Page MenuHomePhabricator

P1144 "Trivially relocatable" (3/3): optimize std::vector and std::swap for trivially relocatable types
Needs ReviewPublic

Authored by Quuxplusone on Sep 12 2019, 2:51 PM.

Details

Summary

Part 0/3 is D50119: it adds __has_extension(__is_trivially_relocatable) to the compiler.
Part 1/3 is D61761: it implements the library traits and algorithms mandated by P1144.
Part 2/3 is D63620: it implements Quality-of-Implementation features to warrant certain std library types as "trivially relocatable."
Part 3/3 is D67524: it implements Quality-of-Implementation features to optimize certain std library functions for better performance on types that have been warranted "trivially relocatable."

This patch has no ABI implications (or if it does, that's a bug, please tell me about it).

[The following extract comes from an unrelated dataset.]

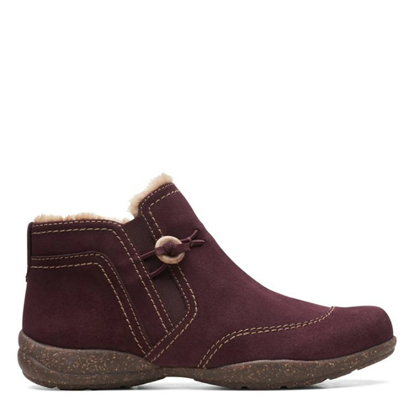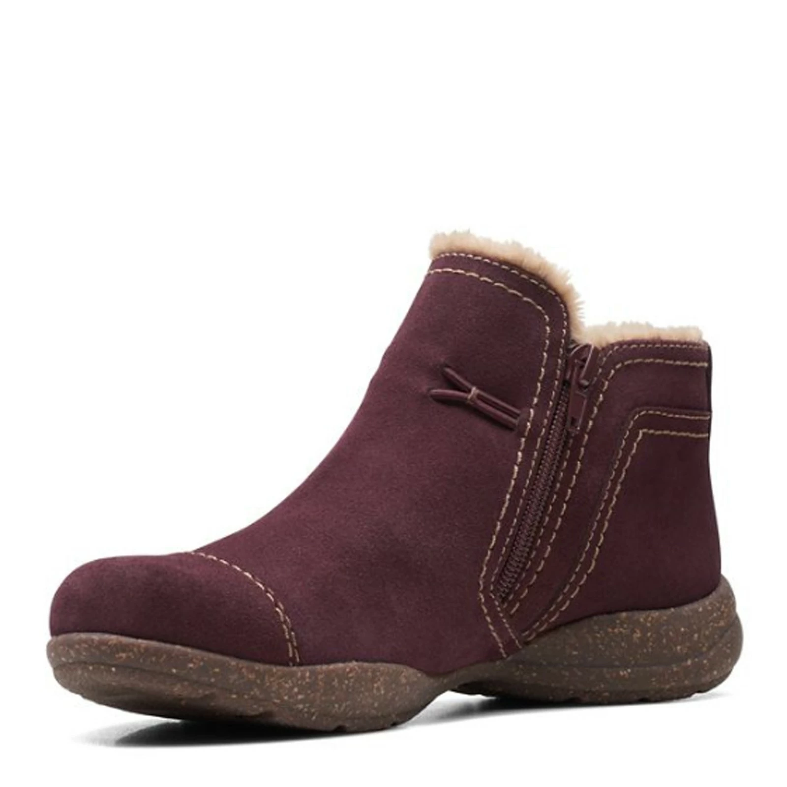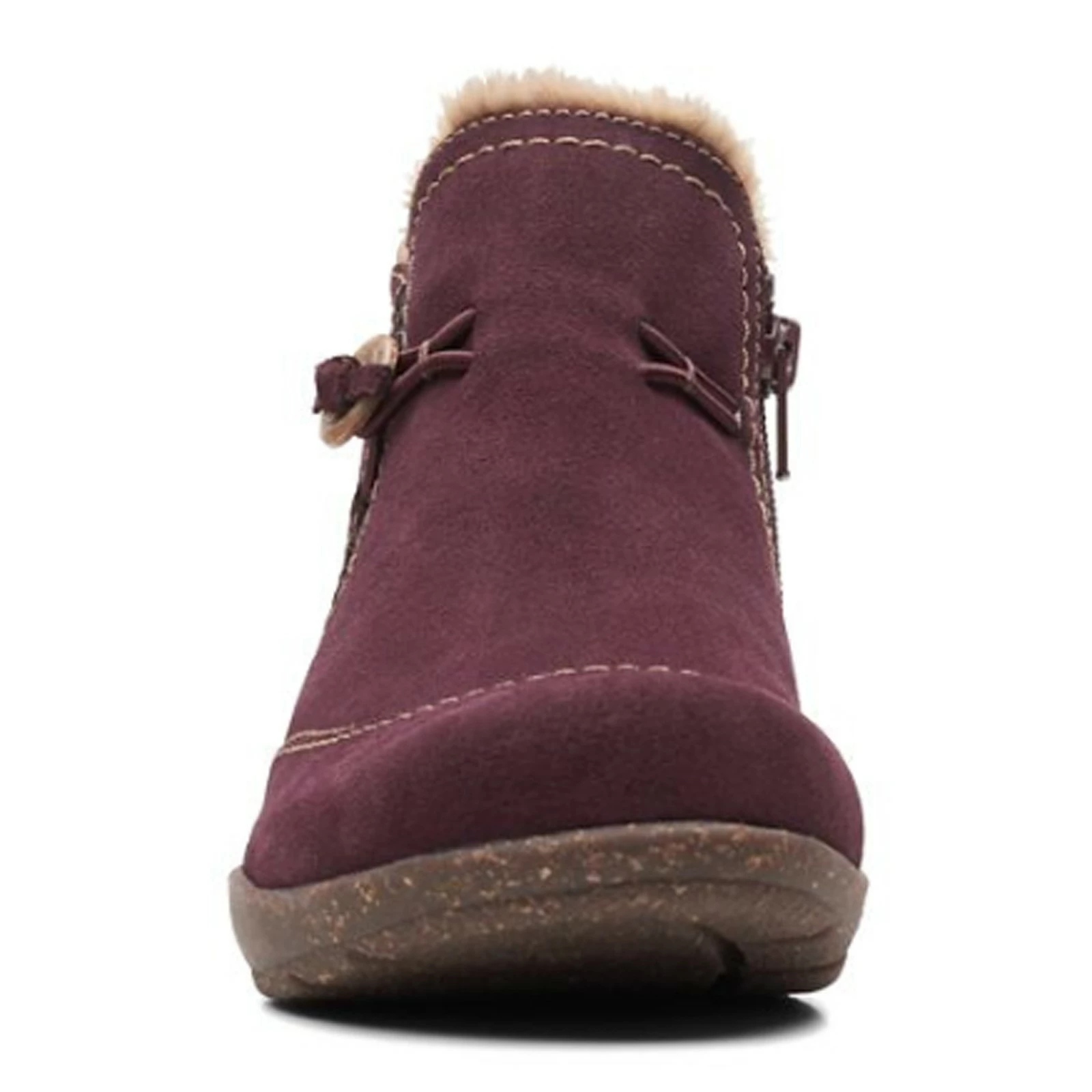 Women’s Clarks, Roseville Aster Bootie. Treat your feet to a cushioned style with the Roseville Aster from Clarks. It features a suede or leather upper with a soft faux fur lining for cozy warmth.

Notes on optimizations that I've made for https://p1144.godbolt.org/z/q2N_Ln but which are not part of this patch:

  • std::any can be made trivially relocatable, by changing _IsSmallObject to be false for non-trivially-relocatable types. However, that would break ABI.

Diff Detail

Repository
rCXX libc++

Event Timeline

Quuxplusone created this revision.Sep 12 2019, 2:51 PM

Note: std::is_constant_evaluated() is implemented and you can use __libcpp_is_constant_evaluated before C++2a.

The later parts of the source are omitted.